§ **Goal of the exercise**
If a line includes the word "Steel", it belongs in the count; state the total for the data below and add nothing.

§ **Record excerpts**

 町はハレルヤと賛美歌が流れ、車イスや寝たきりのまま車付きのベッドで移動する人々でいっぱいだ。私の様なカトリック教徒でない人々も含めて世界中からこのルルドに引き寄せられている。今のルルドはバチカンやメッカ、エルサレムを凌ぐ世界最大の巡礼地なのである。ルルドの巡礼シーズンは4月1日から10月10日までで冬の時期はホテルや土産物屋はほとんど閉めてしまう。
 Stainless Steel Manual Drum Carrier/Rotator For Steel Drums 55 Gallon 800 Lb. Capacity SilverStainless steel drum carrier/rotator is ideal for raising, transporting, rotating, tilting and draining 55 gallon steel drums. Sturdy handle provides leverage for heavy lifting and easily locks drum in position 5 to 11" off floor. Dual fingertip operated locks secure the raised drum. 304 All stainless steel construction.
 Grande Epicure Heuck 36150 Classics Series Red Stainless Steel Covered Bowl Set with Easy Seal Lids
* * *
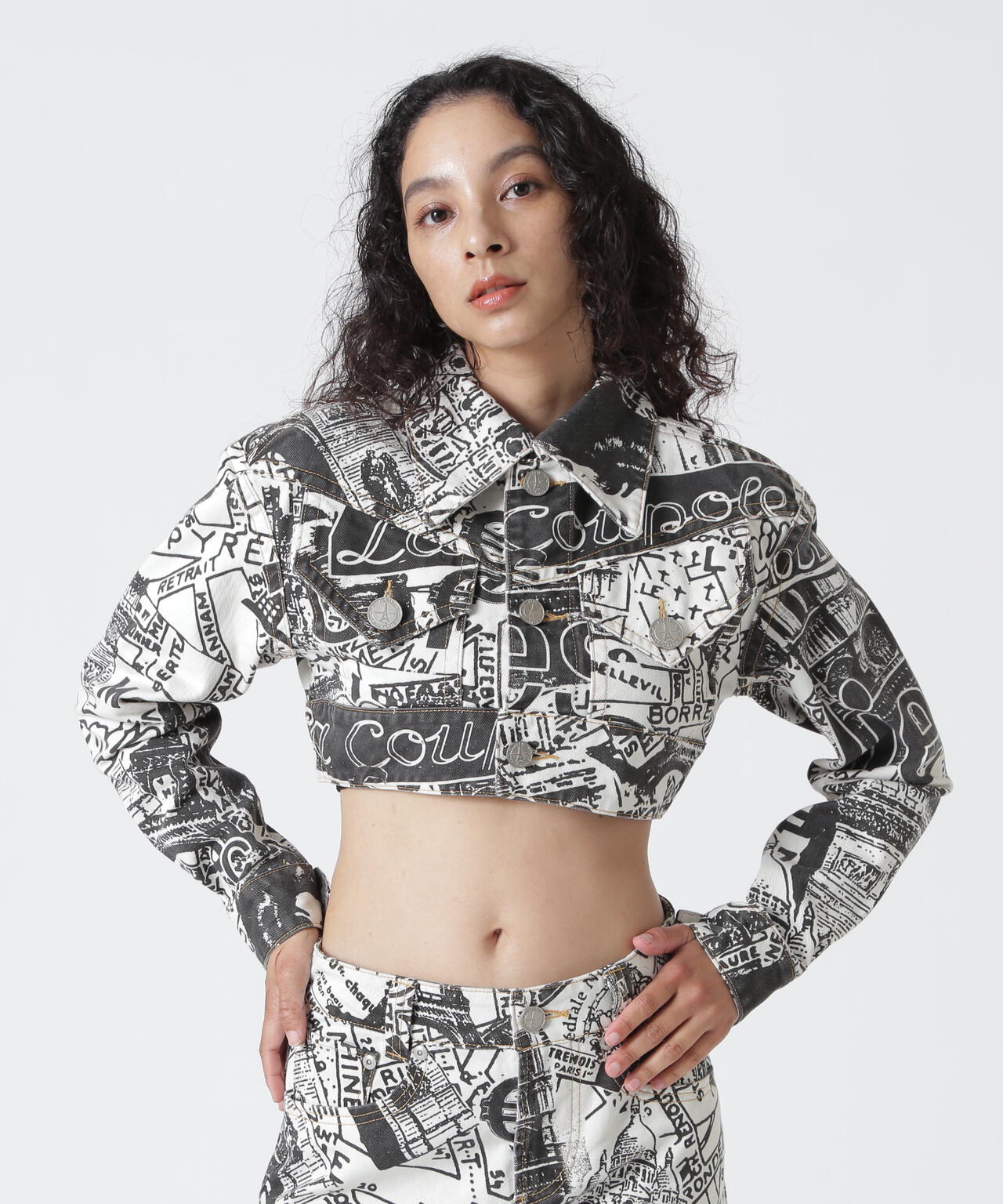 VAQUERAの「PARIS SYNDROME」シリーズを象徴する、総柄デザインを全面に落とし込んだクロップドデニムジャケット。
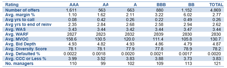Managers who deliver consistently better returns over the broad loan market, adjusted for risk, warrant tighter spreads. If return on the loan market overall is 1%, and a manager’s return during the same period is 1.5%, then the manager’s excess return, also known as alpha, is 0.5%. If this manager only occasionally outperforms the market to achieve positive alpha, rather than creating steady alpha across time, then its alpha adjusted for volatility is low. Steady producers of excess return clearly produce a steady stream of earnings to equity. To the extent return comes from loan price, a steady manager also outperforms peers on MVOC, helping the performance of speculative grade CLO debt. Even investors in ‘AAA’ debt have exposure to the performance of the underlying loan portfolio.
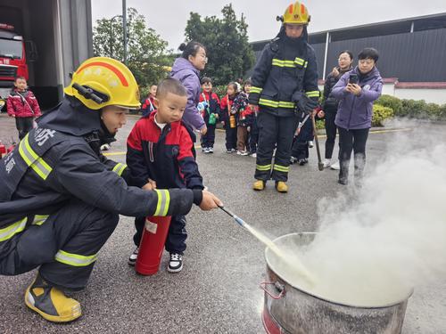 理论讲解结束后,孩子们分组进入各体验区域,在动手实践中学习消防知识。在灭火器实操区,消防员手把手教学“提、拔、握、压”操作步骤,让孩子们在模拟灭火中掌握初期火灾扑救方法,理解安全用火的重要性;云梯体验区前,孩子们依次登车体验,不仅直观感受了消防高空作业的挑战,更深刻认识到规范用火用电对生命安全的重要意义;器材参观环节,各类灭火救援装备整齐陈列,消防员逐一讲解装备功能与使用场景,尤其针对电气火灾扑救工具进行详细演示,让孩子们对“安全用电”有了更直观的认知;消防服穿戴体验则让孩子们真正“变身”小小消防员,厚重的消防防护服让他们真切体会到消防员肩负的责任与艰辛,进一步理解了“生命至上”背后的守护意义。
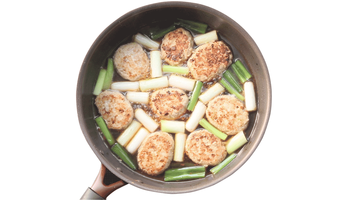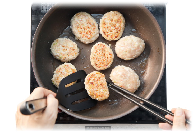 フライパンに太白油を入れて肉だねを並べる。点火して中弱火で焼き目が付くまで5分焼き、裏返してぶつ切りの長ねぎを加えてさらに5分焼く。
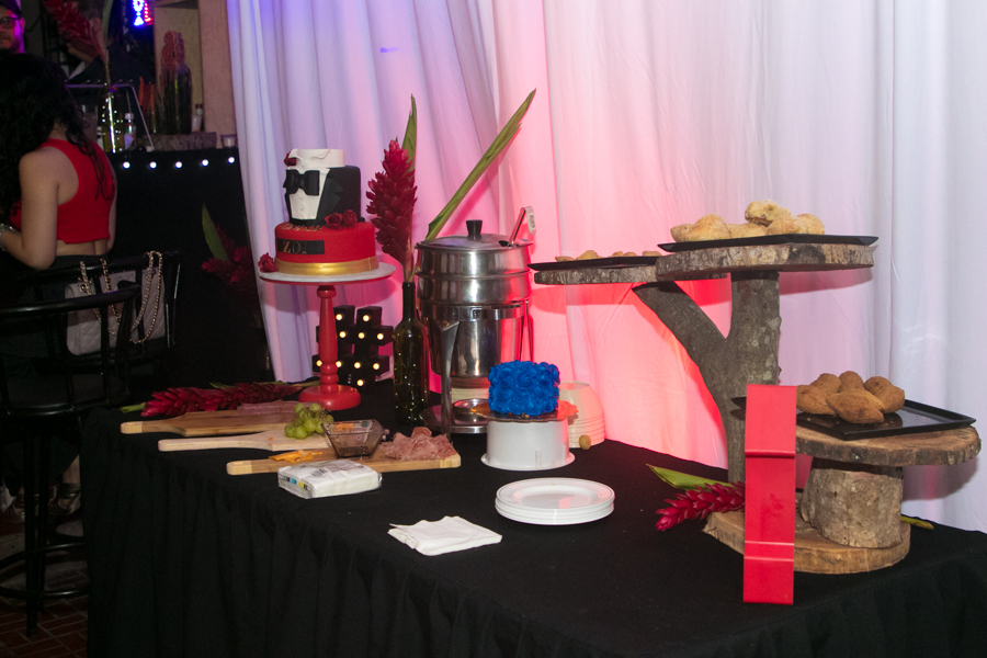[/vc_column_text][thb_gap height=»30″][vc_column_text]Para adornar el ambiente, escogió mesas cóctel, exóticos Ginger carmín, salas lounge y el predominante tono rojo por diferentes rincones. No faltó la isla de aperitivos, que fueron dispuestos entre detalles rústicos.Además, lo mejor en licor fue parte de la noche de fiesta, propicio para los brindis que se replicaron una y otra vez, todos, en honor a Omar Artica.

§ **Answer for this exercise**
2